Argumentative Debates for Transparent Bias Detection [Technical Report]
- URL: http://arxiv.org/abs/2508.04511v1
- Date: Wed, 06 Aug 2025 14:56:08 GMT
- Title: Argumentative Debates for Transparent Bias Detection [Technical Report]
- Authors: Hamed Ayoobi, Nico Potyka, Anna Rapberger, Francesca Toni,
- Abstract summary: We propose a novel interpretable, explainable method for bias detection relying on debates about the presence of bias against individuals.<n>Our method builds upon techniques from formal and computational argumentation, whereby debates result from arguing about biases within and across neighbourhoods.<n>We provide formal, quantitative, and qualitative evaluations of our method, highlighting its strengths as well as its interpretability and explainability.

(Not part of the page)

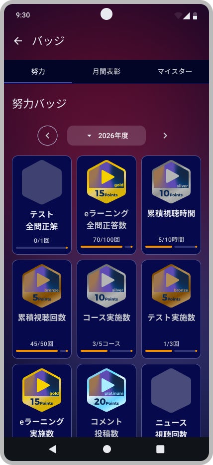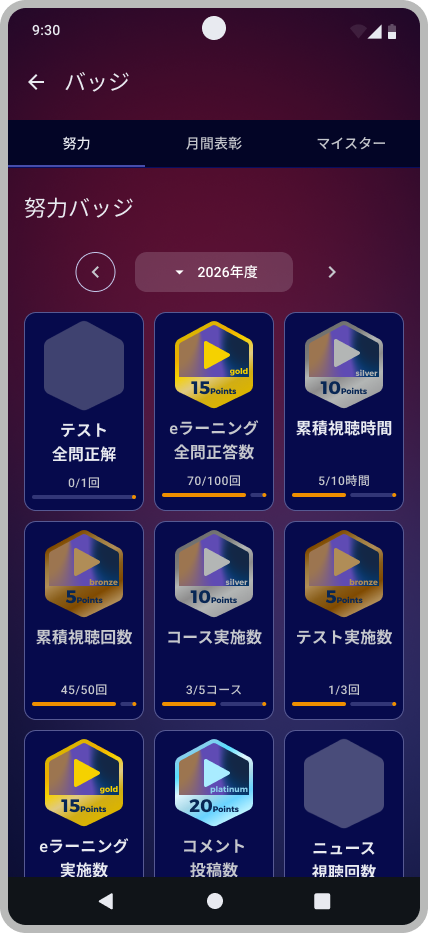 視聴数や時間に応じた「努力バッジ」、社内1位を称える「月間表彰バッジ」、専門性を極めた「マイスターバッジ」を付与することで、利用者の継続的な動機づけを高めます。

- Score: 18.27485896306961
- License: http://creativecommons.org/licenses/by/4.0/
- Abstract: As the use of AI systems in society grows, addressing potential biases that emerge from data or are learned by models is essential to prevent systematic disadvantages against specific groups. Several notions of (un)fairness have been proposed in the literature, alongside corresponding algorithmic methods for detecting and mitigating unfairness, but, with very few exceptions, these tend to ignore transparency. Instead, interpretability and explainability are core requirements for algorithmic fairness, even more so than for other algorithmic solutions, given the human-oriented nature of fairness. In this paper, we contribute a novel interpretable, explainable method for bias detection relying on debates about the presence of bias against individuals, based on the values of protected features for the individuals and others in their neighbourhoods. Our method builds upon techniques from formal and computational argumentation, whereby debates result from arguing about biases within and across neighbourhoods. We provide formal, quantitative, and qualitative evaluations of our method, highlighting its strengths in performance against baselines, as well as its interpretability and explainability.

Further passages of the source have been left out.